In terms of the hardness of your water, I wouldn't be concerned. I have kept/currently keep all of the above species in much harder water than that.

I know 28c is on the warm side but I wouldn't be worried. Most tropical fish can handle that easily. Just provide some surface agitation.


----------



## tam (16 Aug 2022)

Adding an airline usually helps with hot weather/water. Mines been running about 29 with no issues with amano/cherry shrimp but I run air in when it's hot.


----------



## Lee iley (16 Aug 2022)

Courtneybst said:


> Hey Lee,
> 
> I would suggest getting some kind of test kit otherwise it's just a guessing game. You need to eliminate things that it isn't at least.
> 
> ...


Thanks for the reply, yea I need to get some test kits so I can have a ball park figure to work on. I try and keep my tank temp at around the 23 mark its currently at 25 as its still warm here. 

Cheers Lee


----------



## Lee iley (16 Aug 2022)

That's a good shout, thanks tam


----------



## dw1305 (16 Aug 2022)

Hi all, 
I'm sorry to hear of your losses. 

I agree with the others, it might <"be low oxygen"> from the hot water(dependent upon your set up), but it could also be higher than normal chlorine dosing (possibly as "chloramine") from the water change water. I keep Pygmy Corydoras, and my tanks have been a fair bit warmer than that, without any problems.

I'm guessing that harder water would be better for the <"Cherry (and Amano) shrimps">.



Courtneybst said:


> I would suggest getting some kind of test kit otherwise it's just a guessing game.


I'd go the other way around, test kits are a guessing game and the <"report from United Utilities is accurate">, although this one looks interesting.  


Lee iley said:


> Mod soft.
> Hardness Clarke 5.74 (is this classed as GH)
> 
> Also on the report I have 2 different lines.
> ...


We've been <"down this route before">, but for newer "readers". "Hardness Clarke (eDH)" is just a <"different unit from German Hardness (dGH)">, but you can <"easily convert one into the other"> and in your case 5.74 Clarke = *4.61 dGH* 

<"Alkalinity can be converted to dKH">, using the information in <"Larry Frank's Krib article">.  The two numbers you list ("30.2" & "59") are a bit strange, can you put a screen shot of the actual hardness report bit up?
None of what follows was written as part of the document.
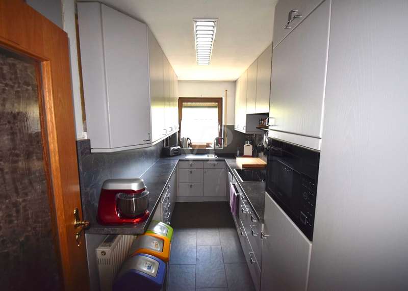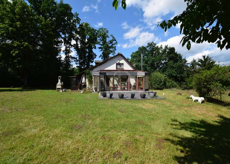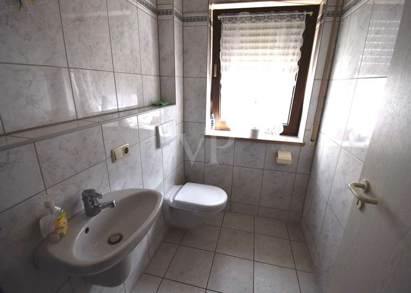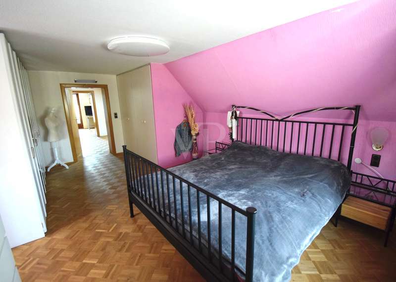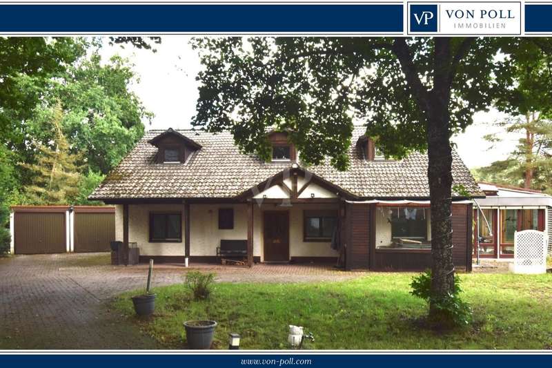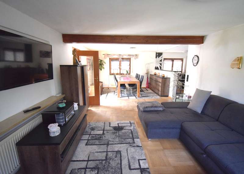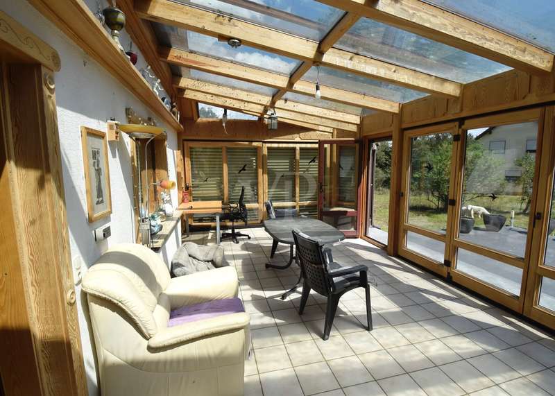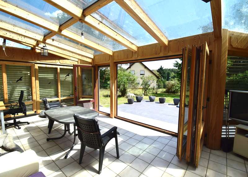 This property offers a rare opportunity to acquire a spacious plot in an almost secluded location. The main plot comprises approx. 1,931 m², supplemented by a directly adjoining wooded plot of approx. 1,383 m², which guarantees additional peace and privacy. There are two residential buildings on the plot, one of which has a spacious, integrated wellness area. The extensive garden is laid out like a park and offers a wide range of opportunities for recreation and leisure activities. The property is characterized by upscale furnishings, well thought-out floor plans and a particularly pleasant living ambience. It is ideal for sophisticated living, multi-generational use or the combination of living and working in a natural environment. The main house was built in 1945 and extensively renovated and extended in 1995. The property is in a well-kept condition and offers a well thought-out room layout on two levels. On the first floor there is a kitchen, a daylight bathroom and a spacious living and dining area with an integrated bar. The living area has a fireplace and is complemented by a conservatory, which provides plenty of natural light and a beautiful view of the outside. A further bedroom on the first floor offers additional flexibility of use. The upper floor comprises a spacious master bedroom with two separate dressing rooms, a modern shower room and a further room suitable as a children's room or office. There is access to a balcony from this room. Heating is provided by an oil-fired central heating system. The building has a full basement and thus offers additional usable space for storage, technology or hobbies. House 1 was built in 1995 and is in a well-kept condition. On the upper floor there is a well-designed residential unit consisting of a large living and dining room, a bedroom and a bathroom. The apartment is ideal for use as a granny apartment or for renting out. An indoor pool is integrated on the first floor, which is currently covered with a vinyl floor and used as additional usable space. The complete swimming pool technology, including counter-current system, softening and salt system as well as solar support, is housed in the basement. A spacious wellness area with kitchen, relaxation room, steam bath and changing area offers a variety of uses for relaxation and leisure activities in your own home. The building is heated by an oil-fired central heating system, also located in the basement. The property has 5 garages, including a large garage for mobile homes.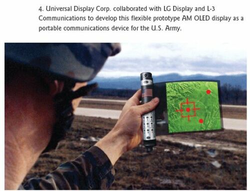 UDC演示了采用AM OLED的4英寸對角線原型。該原型的制造是UDC聯(lián)合LG Display和L-3 Communications的顯示系統(tǒng)部門一起完成的,它是ASU正在進行工作的一個補充(圖4)。UDC還在進行該顯示器觸摸屏版本的研發(fā)。

The 59 mg /L (ppm) hardness total for CaCO3 can be divided by 17.86 mg/L CaCO3 to give dGH *3.30. *It could be the other 1.30 units of dGH is magnesium (Mg). You should have the same amount of dKH (3.30), but if you divide 30.2 by 17.86 you get ~1.7, so something doesn't quite add up.

cheers Darrel


----------



## Lee iley (16 Aug 2022)

Hi darrel,

Thanks for the reply I will out up some screen shots now.

Cheers Lee


dw1305 said:


> Hi all,
> I'm sorry to hear of your losses.
> 
> I agree with the others, it might <"be low oxygen"> from the hot water(dependent upon your set up), but it could also be higher than normal chlorine dosing (possibly as "chloramine") from the water change water. I keep Pygmy Corydoras, and my tanks have been a fair bit warmer than that, without any problems.
> ...


----------



## dw1305 (16 Aug 2022)

Hi all,


Lee iley said:


> Thanks for the reply I will out up some screen shots now.


Thanks for that @Lee iley. Yes, that makes more sense, the alkalinity and hardness values will be based on the average, rather than the minimum value., so 30.2 becomes 40.6 and 59 becomes 82.

If you take the 82 and divide it by 17.86 you get *dGH = 4.60**, so much nearer the value you got from United Utilities.

* corrected, Excel had decided that I wanted 18.86 when I dragged the cell across.

cheers Darrel


----------



## Lee iley (16 Aug 2022)

dw1305 said:


> Hi all,
> 
> Thanks for that @Lee iley. Yes, that makes more sense, the alkalinity and hardness values will be based on the average, rather than the minimum value., so 30.2 becomes 40.6 and 59 becomes 82.
> 
> ...


Thanks darrel, so I can work off my water report rather than do testing? How come you devide that by 17.86? So my water hardness (5.67) from the water report once I have change that to German Clark is this my GH? Which one do I work off to get a rough estimate for KH? 

Cheers Lee


----------



## dw1305 (16 Aug 2022)

Hi all,


Lee iley said:


> so I can work off my water report rather than do testing?


Yes.

You can actually test for alkalinity (~dKH) reasonably <"easily by titration">, but dGH is much more problematic.


Lee iley said:


> How come you devide that by 17.86?


It is a really strange calculation,


> ........ By definition, 1dGH = 10 mg/litre CaO
> Atomic Weight Ca = 40, O = 16, CaO = 56
> So 10 mg/liter CaO contains 40/56 *10 = 7.143 mg/liter of Ca
> By definition ppm Ca is not for elemental calcium but for ppm CaCO3.
> ...


We will have our own UKAPS article on <"water hardness fairly soon">, but in the mean time all the workings are in Larry Frank's article at the Krib <"Water Hardness">.


Lee iley said:


> So my water hardness (5.67) from the water report once I have change that to German Clark is this my GH?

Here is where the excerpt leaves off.